* [ACTION ITEM] Using the data that follows, output only the lines from the line with "W zestawie akumulator" up to and including the line with "Ideal para cortes", exactly, leaving pictures aside.

---- DATA SUPPLIED

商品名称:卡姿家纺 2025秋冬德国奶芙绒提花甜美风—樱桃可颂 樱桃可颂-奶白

--------
---- DATA SUPPLIED

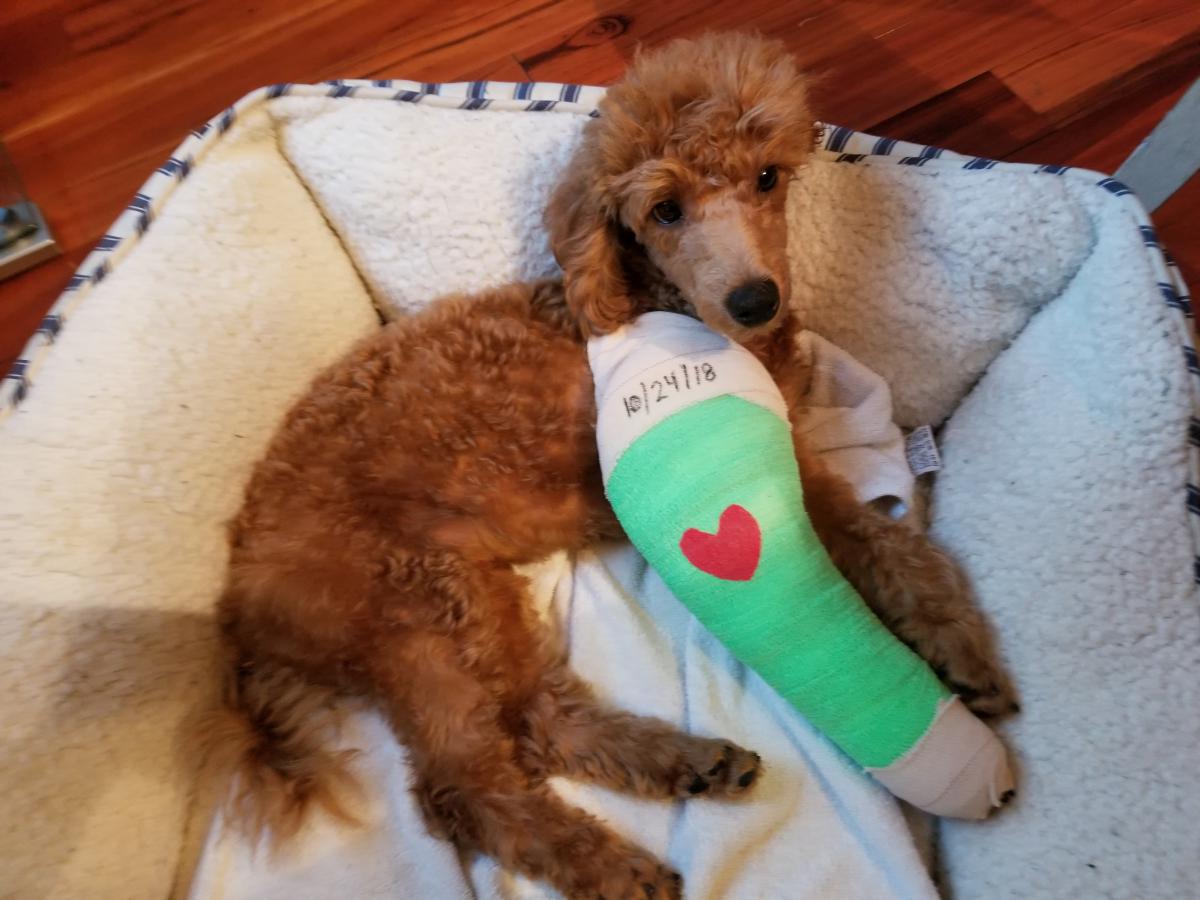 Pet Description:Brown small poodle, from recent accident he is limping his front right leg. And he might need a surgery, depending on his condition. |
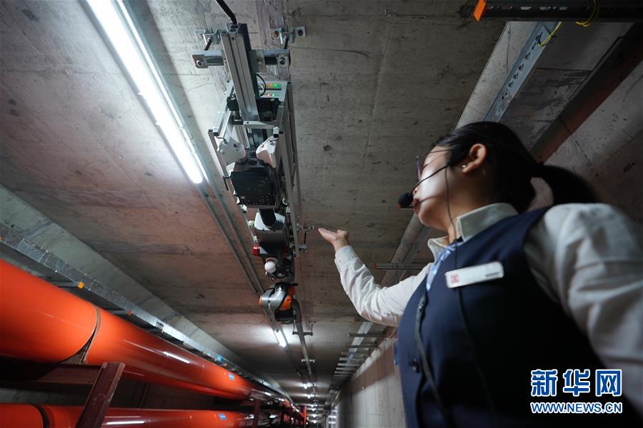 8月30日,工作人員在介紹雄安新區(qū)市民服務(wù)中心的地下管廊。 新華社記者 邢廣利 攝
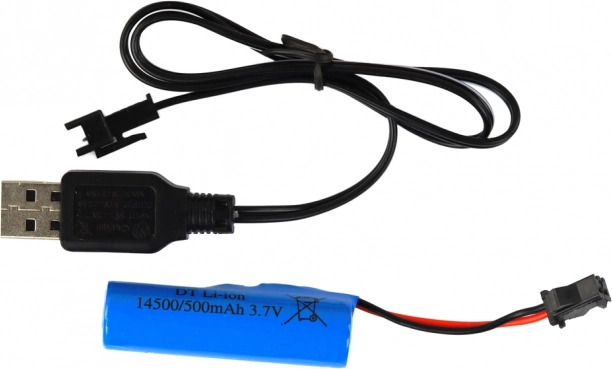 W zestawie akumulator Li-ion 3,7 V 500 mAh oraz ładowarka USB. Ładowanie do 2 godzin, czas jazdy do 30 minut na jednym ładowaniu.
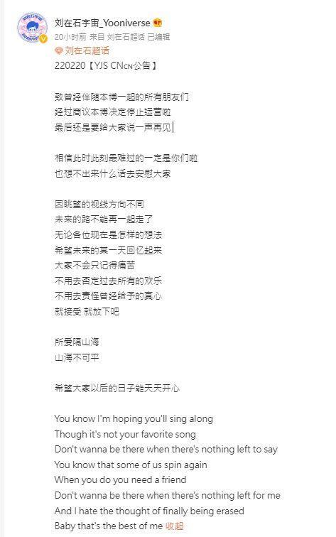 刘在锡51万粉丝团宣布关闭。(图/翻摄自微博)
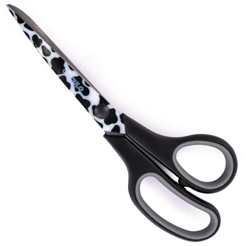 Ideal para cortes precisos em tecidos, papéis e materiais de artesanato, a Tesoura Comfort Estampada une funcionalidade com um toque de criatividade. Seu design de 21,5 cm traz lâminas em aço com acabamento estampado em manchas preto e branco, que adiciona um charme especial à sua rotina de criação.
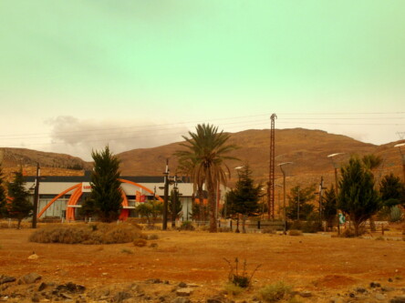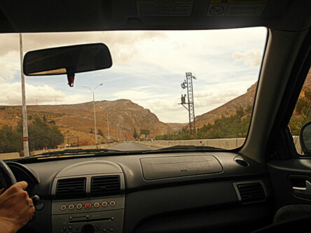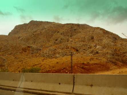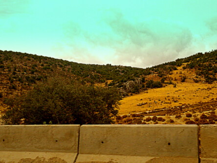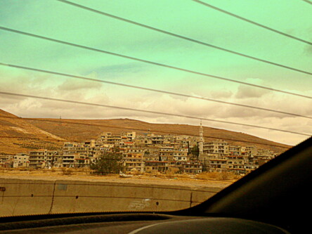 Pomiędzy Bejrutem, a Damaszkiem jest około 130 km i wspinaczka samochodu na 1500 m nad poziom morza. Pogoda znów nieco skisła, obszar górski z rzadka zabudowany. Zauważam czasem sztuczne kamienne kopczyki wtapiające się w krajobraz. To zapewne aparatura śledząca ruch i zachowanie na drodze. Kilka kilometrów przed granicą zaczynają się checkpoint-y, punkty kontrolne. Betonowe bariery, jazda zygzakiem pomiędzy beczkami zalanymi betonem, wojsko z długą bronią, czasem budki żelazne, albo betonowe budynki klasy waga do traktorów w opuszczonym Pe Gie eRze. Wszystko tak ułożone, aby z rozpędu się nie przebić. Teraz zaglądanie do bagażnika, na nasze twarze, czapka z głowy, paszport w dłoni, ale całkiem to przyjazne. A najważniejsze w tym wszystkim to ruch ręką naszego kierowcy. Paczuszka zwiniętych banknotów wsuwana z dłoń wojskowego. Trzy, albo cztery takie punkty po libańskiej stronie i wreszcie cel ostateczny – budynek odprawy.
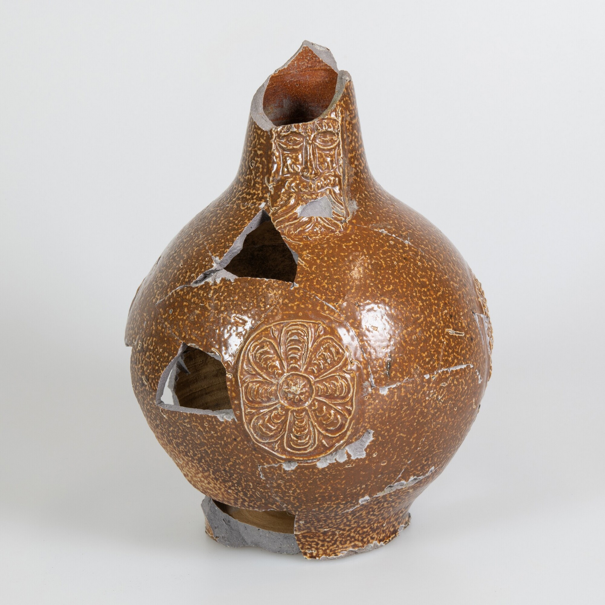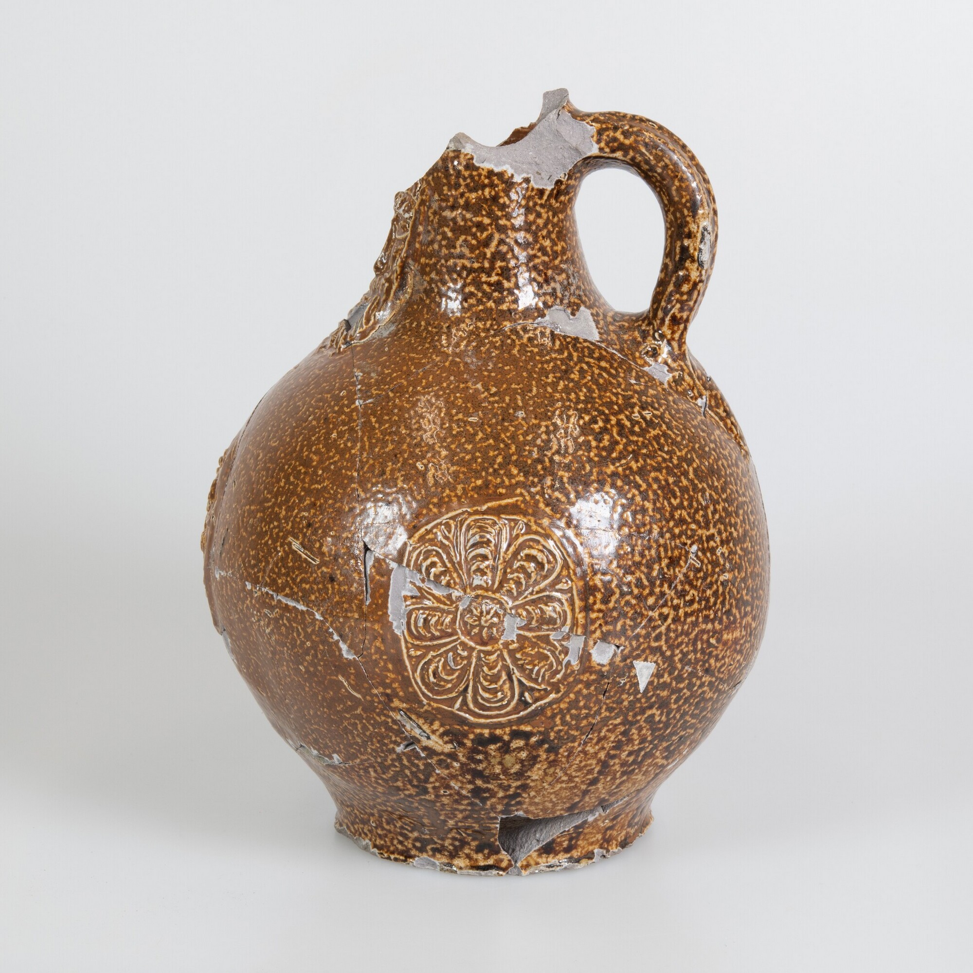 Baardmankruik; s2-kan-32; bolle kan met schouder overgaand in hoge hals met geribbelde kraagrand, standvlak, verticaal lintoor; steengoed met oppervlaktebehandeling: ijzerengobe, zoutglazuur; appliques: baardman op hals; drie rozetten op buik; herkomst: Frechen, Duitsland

--------

* [REPLY TO THE TASK]
 W zestawie akumulator Li-ion 3,7 V 500 mAh oraz ładowarka USB. Ładowanie do 2 godzin, czas jazdy do 30 minut na jednym ładowaniu.
 刘在锡51万粉丝团宣布关闭。(图/翻摄自微博)
 Ideal para cortes precisos em tecidos, papéis e materiais de artesanato, a Tesoura Comfort Estampada une funcionalidade com um toque de criatividade. Seu design de 21,5 cm traz lâminas em aço com acabamento estampado em manchas preto e branco, que adiciona um charme especial à sua rotina de criação.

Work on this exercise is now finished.